§ **Description of the task**: Exactly reproduce the lines of the listing below from the one containing "报告显示,三季度就业最好的行" through the one containing "This page presents". Skip the images.

§ **Exercise input**:
━━━━━━━━━━━━━━━━━━━━━━━━━━━━━━

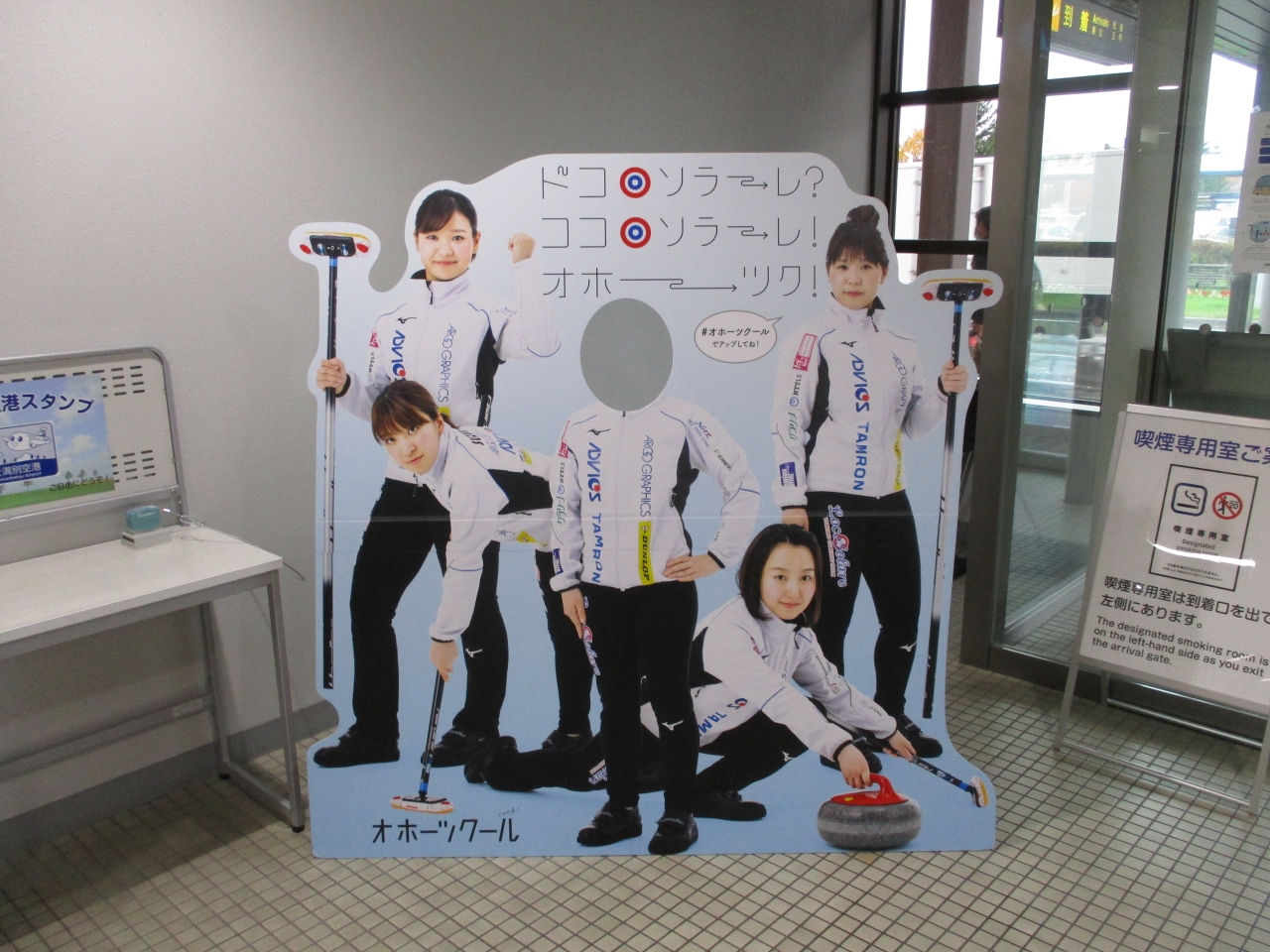 女満別空港に到着するとロコ・ ソラーレの皆さんが迎えてくれました。空港利用者のなかで、記念撮影をする人も見かけましたが、一緒に記念撮影できるようになっていました。旅のいい思い出ができるいいサービスだと思います。この写真を見て、網走地方はカーリングの街であることを思い出しました。
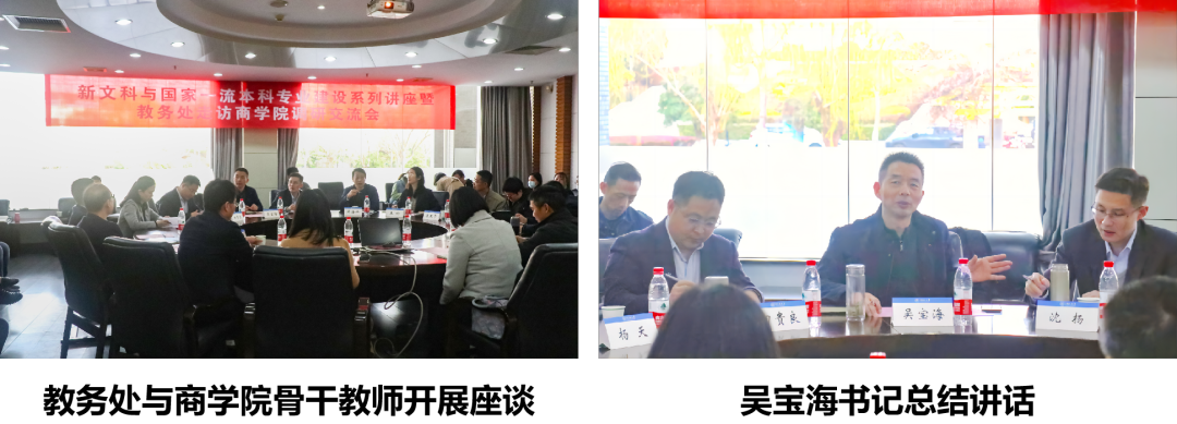 专题报告会后,教务处领导及各科室代表与国产无码 领导班子及骨干教师进行深度座谈。学院教师对教务处主动走访学院,认真听取教师的意见和建议表示热烈欢迎,并就专业发展、课程建设、三校区教学管理、学生大类培养、教师教学成长等方面遇到的问题与困难提出了意见和建议。沈扬处长就教师们提出的问题一一记录并予以针对性回复。
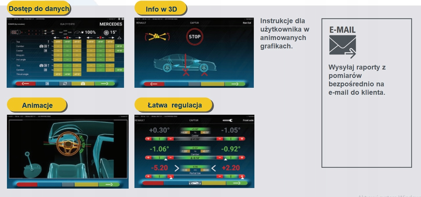 Революционное и инновационное устройство для регулировки сход-развала теперь доступно!! Новая концепция от итальянского производителя Ravaglioli для регулировки сход-развала с 8 датчиками. Полностью без ПК, его можно использовать в среде Wi-Fi с планшетом. Компактная, технологичная альтернатива существующим на рынке решениям. Нет шкафа с управляющим компьютером. Полная модернизация измерительной головки с подшипниками для быстрой компенсации и одним энкодером (решение от самых высоких моделей) Инновационная концепция хранения измерительных головок и зажимов на специальных панелях, благодаря которой мы экономим место.
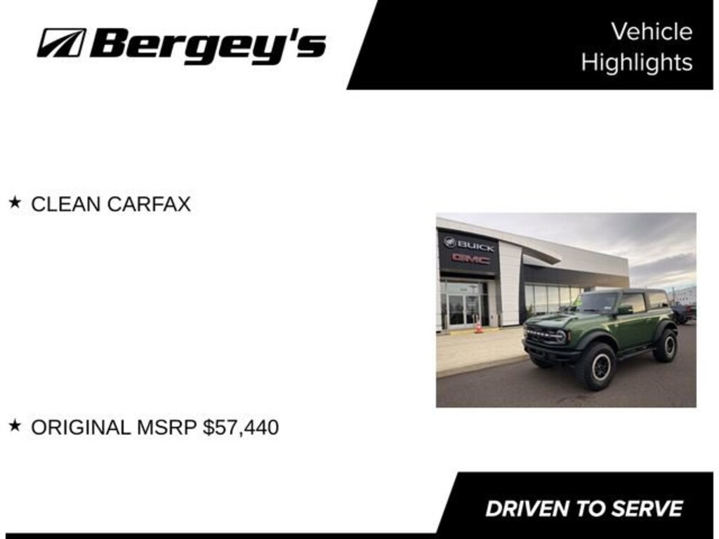 SUPER FUN VEHICLE TO DRIVE AND OWN!! SPORTY BRONCO OUTER BANKS HIGH PKG! ERUPTION GREEN METALLIC W/ROAST/BLACK LEATHER/VINYL SEATS! CLEAN CARFAX! THIS VEHICLE COMES FULLY SERVICED W/NEW PA INSPECTION, OIL CHANGE SERVICE AND A FRESH DETAIL! STILL COVERED UNDER THE FORD FACTORY POWERTRAIN LIMITED WARRANTY! THIS ONE WON'T LAST!!
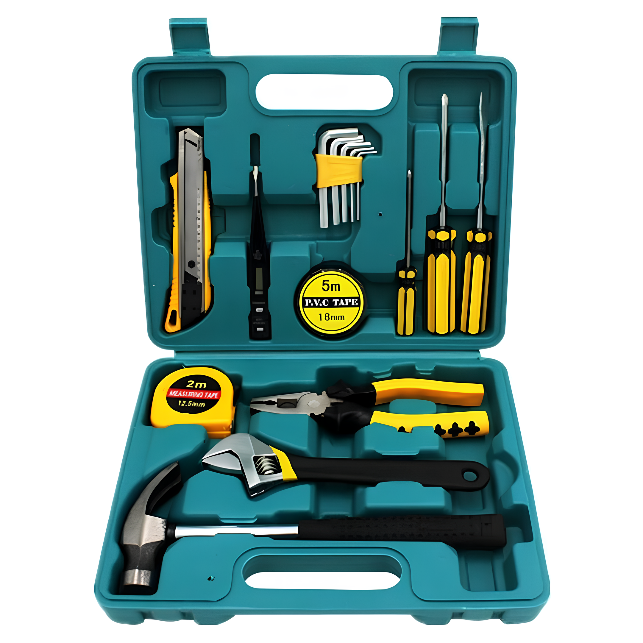 Набор инструментов для ремонта — это практичное и универсальное решение для выполнения бытовых, монтажных и мелких ремонтных работ. Комплект включает самые востребованные ручные инструменты, необходимые для дома, гаража, дачи или офиса. Все элементы аккуратно размещены в прочном пластиковом кейсе, что обеспечивает удобство хранения, порядок и быструю транспортировку. Набор подходит как для начинающих пользователей, так и для повседневного использования в домашних условиях.
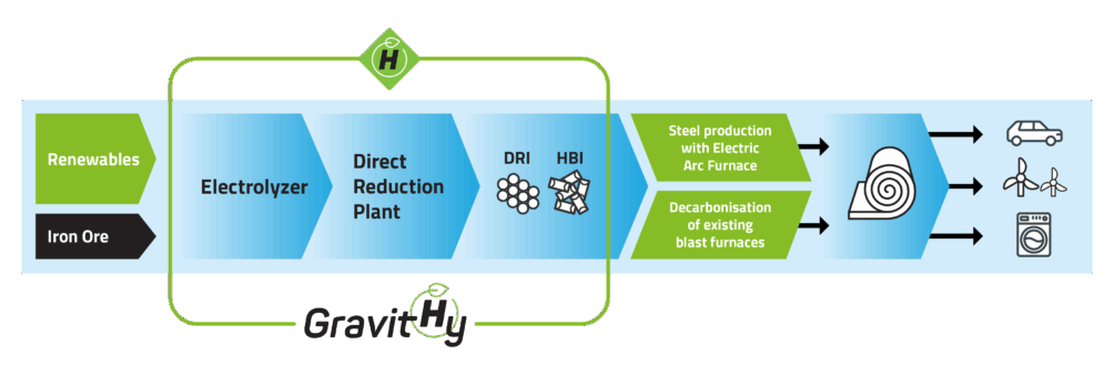 “GravitHy will support the emissions reduction of this industry by generating and using green and low-carbon hydrogen to produce iron”, Ruiter says.
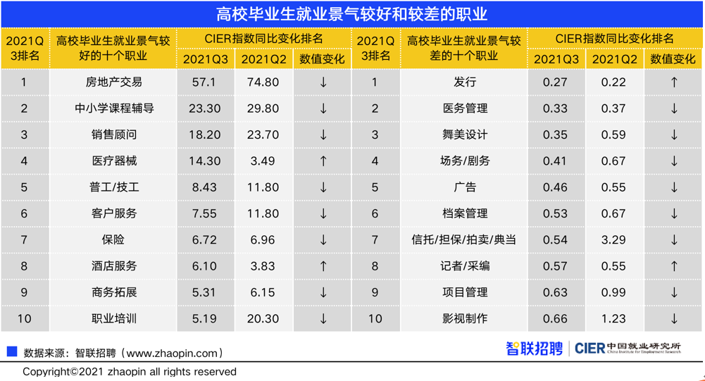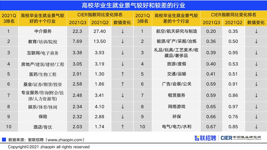 报告显示,三季度就业最好的行业为中介服务业,CIER指数为22.3。就业景气指数最低的行业为航空/航天研究与制造业,CIER指数为0.2。
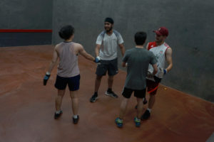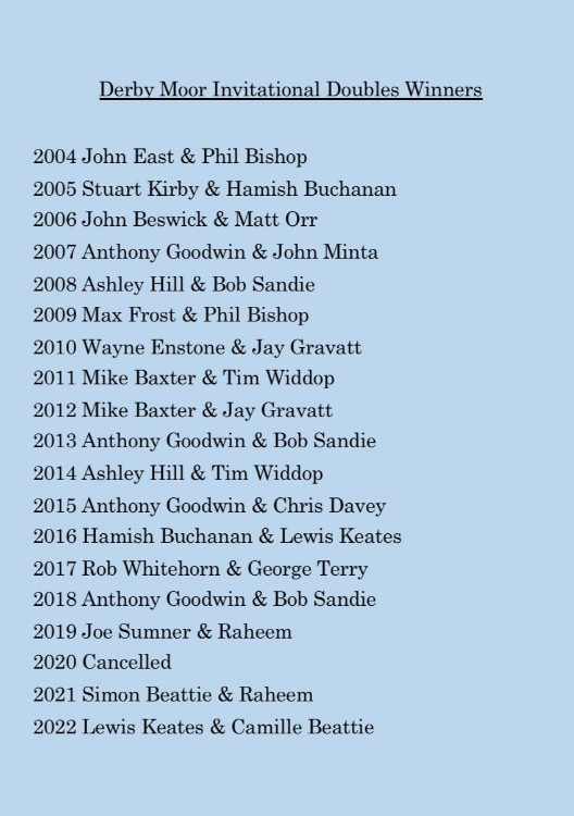 STOP PRESS As usual Brian Kirk organised a superb full day’s Fives, with 6 different competitions played out by the end of the afternoon. With guests in action from Berkhamsted, Durham and Manchester, as well as old friends and several home players, there were new names to be added to the Roll of Honour: Camille Beattie the first female to win the main competition; Vishal Singh making his first final; Dan Swinbank and Adam Hicks from Durham meeting in one plate final; young Val Fikhter from Manchester winning the main plate trophy in his first adult tournament; RFA General Secretary Chris Blakeley marking his first visit to Derby Moor with a win in the seniors contest.
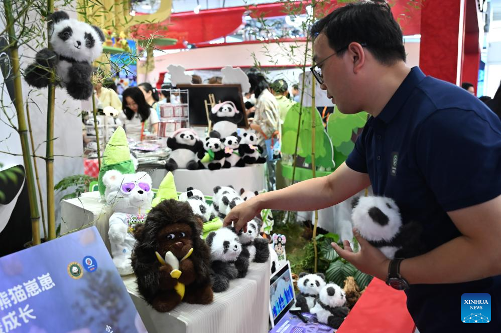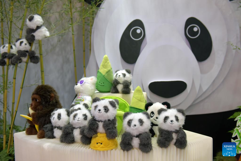 Panda-themed cultural and creative products are displayed at the 2025 China International Fair for Trade in Services (CIFTIS) in Beijing, capital of China, Sept. 11, 2025. The 2025 CIFTIS is held from Sept. 10 to 14 at the Shougang Park in Beijing. This year's fair features a wide range of cultural and creative products, which are highly popular among visitors. (Xinhua/Zhang Xinjing)
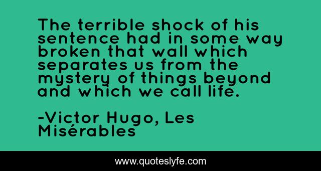 This page presents the quote "The terrible shock of his sentence had in some way broken that wall which separates us from the mystery of things beyond and which we call life.". Author of this quote is Victor Hugo, Les Misérables. This quote is about wall, broken,.
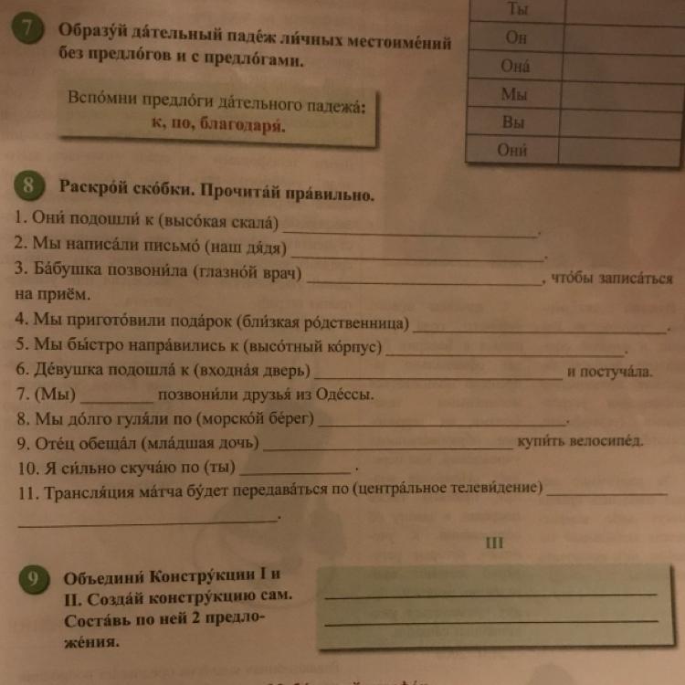 Объяснение:Они подошли к высокой скале. Мы написали письмо нашему дяде. Бабушка позвонила глазному врачу, чтобы записаться на приём. Мы приготовили подарок близкой родственнице. Мы быстро направились к высотному корпусу. Девушка подошла к входной двери и постучала. Нам позвонили друзья из Одессы. Мы долго гуляли по морскому берегу. Отец обещал младшей дочери купить велосипед. Я сильно скучаю по тебе. Трансляция матча будет передаваться по центральному телевидению
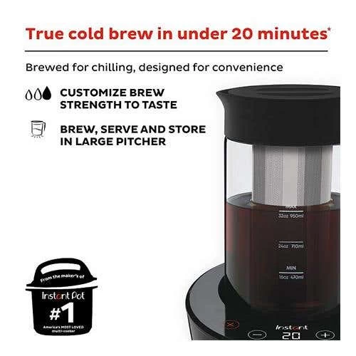 The Instant® Cold Brewer lets you make true cold brew at home, in under 20 minutes.* The unique FlashExtract™ technology produces cold brew without the heat and without the overnight wait. You can use your favorite ground coffee, and customize the brew strength go your own taste. If you’re an iced tea fan, you can use loose tea leaves to make delicious iced tea in minutes. The removable glass pitcher holds up to 32 oz for brewing, serving and storing, and is dishwasher safe for easy cleaning. Skip the line at the coffee shop and enjoy your own cold brew without leaving home.
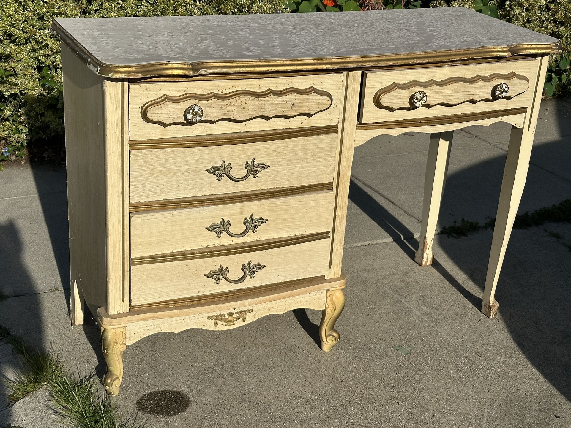 Curb Alert Elegant vintage wooden desk with ornate handles and detailing. 849-851 S Curson
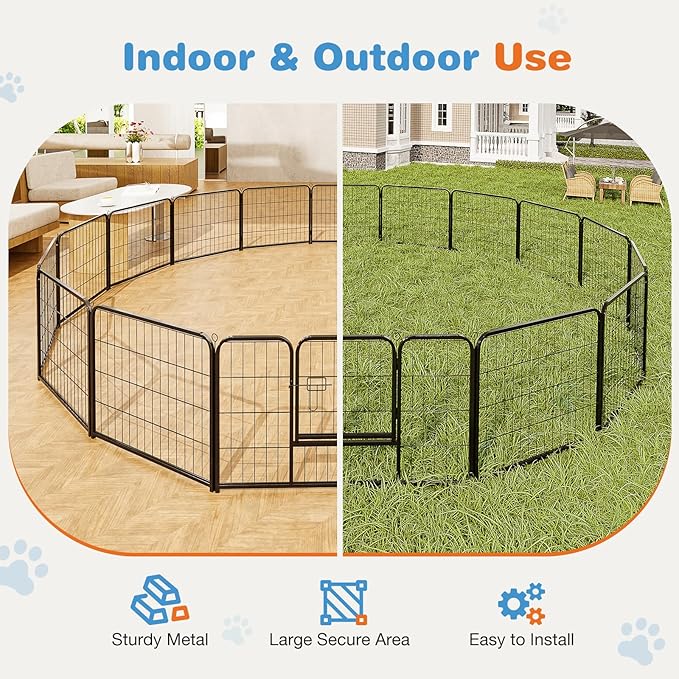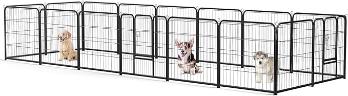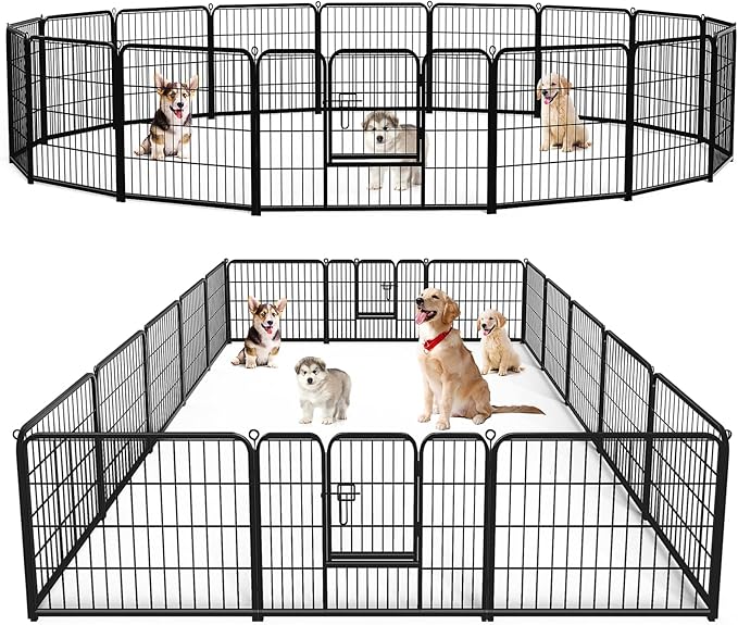 - 【Tailored Options for Every Pet】 Available in 8-panel and 16-panel, with 3 kind of heights: 24”, 32”, and 40”. Our diverse selection ensures a perfect fit for dogs of all sizes and accommodates various pets, such as kitten, cats, rabbits and so on, providing a reliable and comfortable space for all. And it’s easy to assemble this foldable metal dog pen according to the desired area of use.
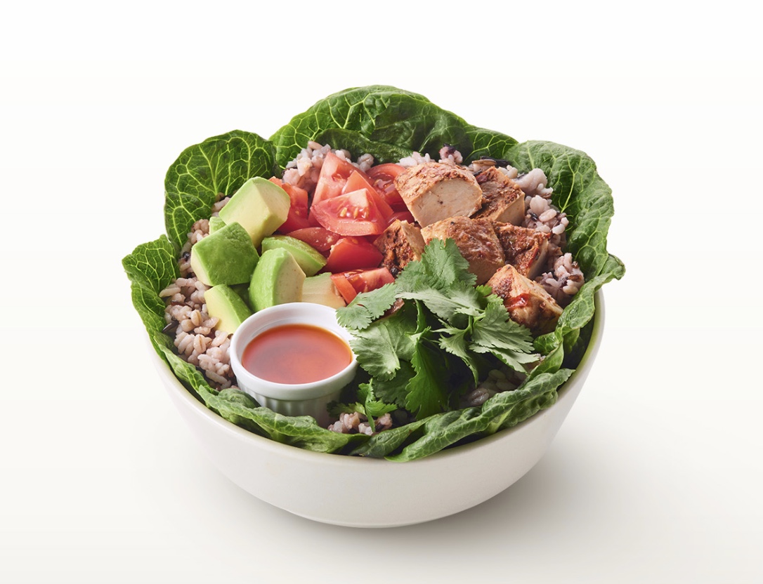 レタス、チキン、トマト、シラントロ、アボカドを合わせたチキンタコスのような味わい。ベースとなるシャキシャキのレタスに、ジューシーなチキン、フレッシュなトマト、香りのアクセントとなるシラントロ(パクチー)、そして濃厚でクリーミーなアボカドを贅沢にトッピング。ヘルシーながらもしっかりとした食べ応えがある一品。彩り豊かなパワーボウルでピクニックやランチタイムを楽しんでみて。
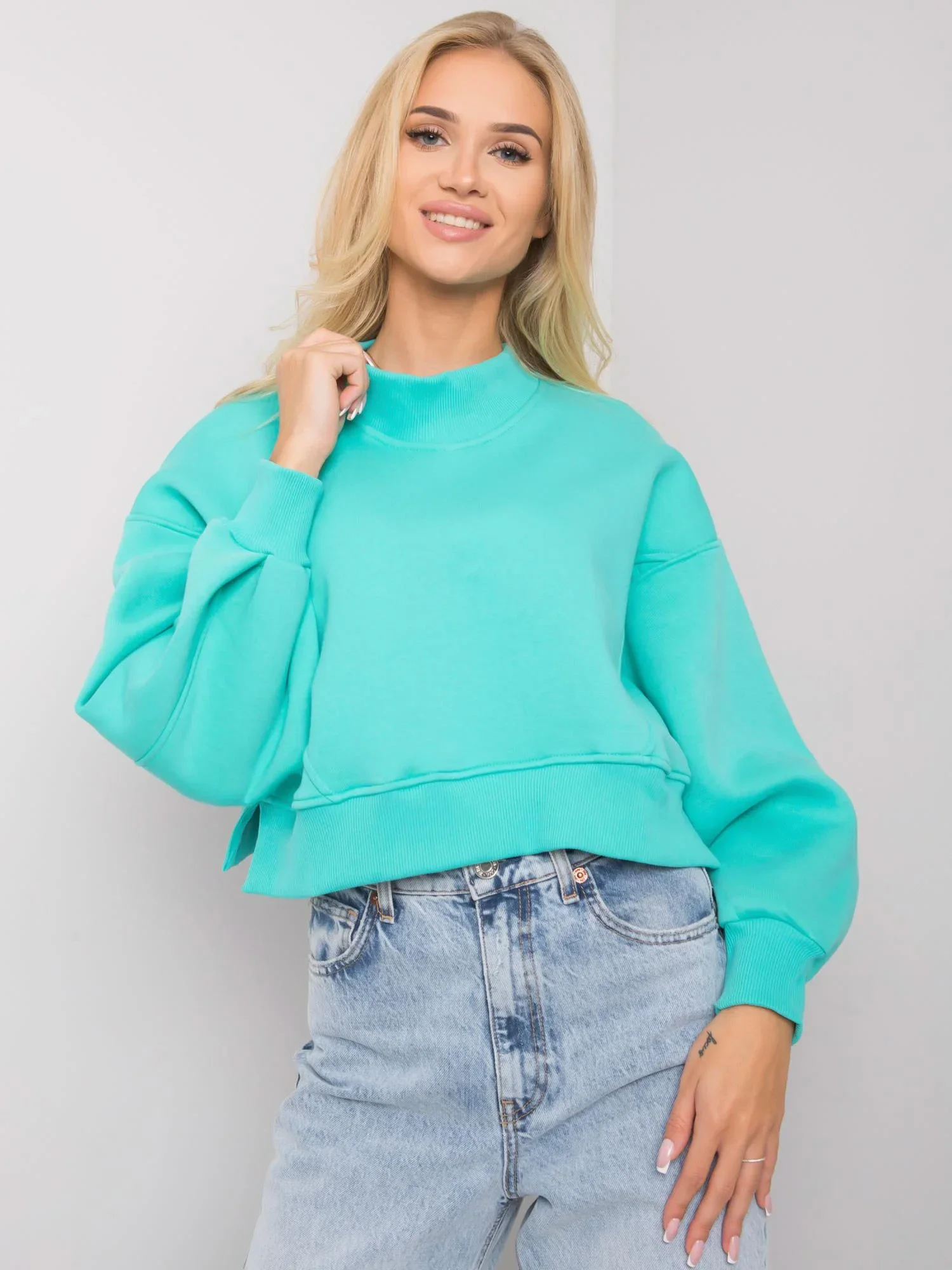 Tyrkysová dámská základní mikina .

━━━━━━━━━━━━━━━━━━━━━━━━━━━━━━

§ **Your response**:
 报告显示,三季度就业最好的行业为中介服务业,CIER指数为22.3。就业景气指数最低的行业为航空/航天研究与制造业,CIER指数为0.2。
 STOP PRESS As usual Brian Kirk organised a superb full day’s Fives, with 6 different competitions played out by the end of the afternoon. With guests in action from Berkhamsted, Durham and Manchester, as well as old friends and several home players, there were new names to be added to the Roll of Honour: Camille Beattie the first female to win the main competition; Vishal Singh making his first final; Dan Swinbank and Adam Hicks from Durham meeting in one plate final; young Val Fikhter from Manchester winning the main plate trophy in his first adult tournament; RFA General Secretary Chris Blakeley marking his first visit to Derby Moor with a win in the seniors contest.
 Panda-themed cultural and creative products are displayed at the 2025 China International Fair for Trade in Services (CIFTIS) in Beijing, capital of China, Sept. 11, 2025. The 2025 CIFTIS is held from Sept. 10 to 14 at the Shougang Park in Beijing. This year's fair features a wide range of cultural and creative products, which are highly popular among visitors. (Xinhua/Zhang Xinjing)
 This page presents the quote "The terrible shock of his sentence had in some way broken that wall which separates us from the mystery of things beyond and which we call life.". Author of this quote is Victor Hugo, Les Misérables. This quote is about wall, broken,.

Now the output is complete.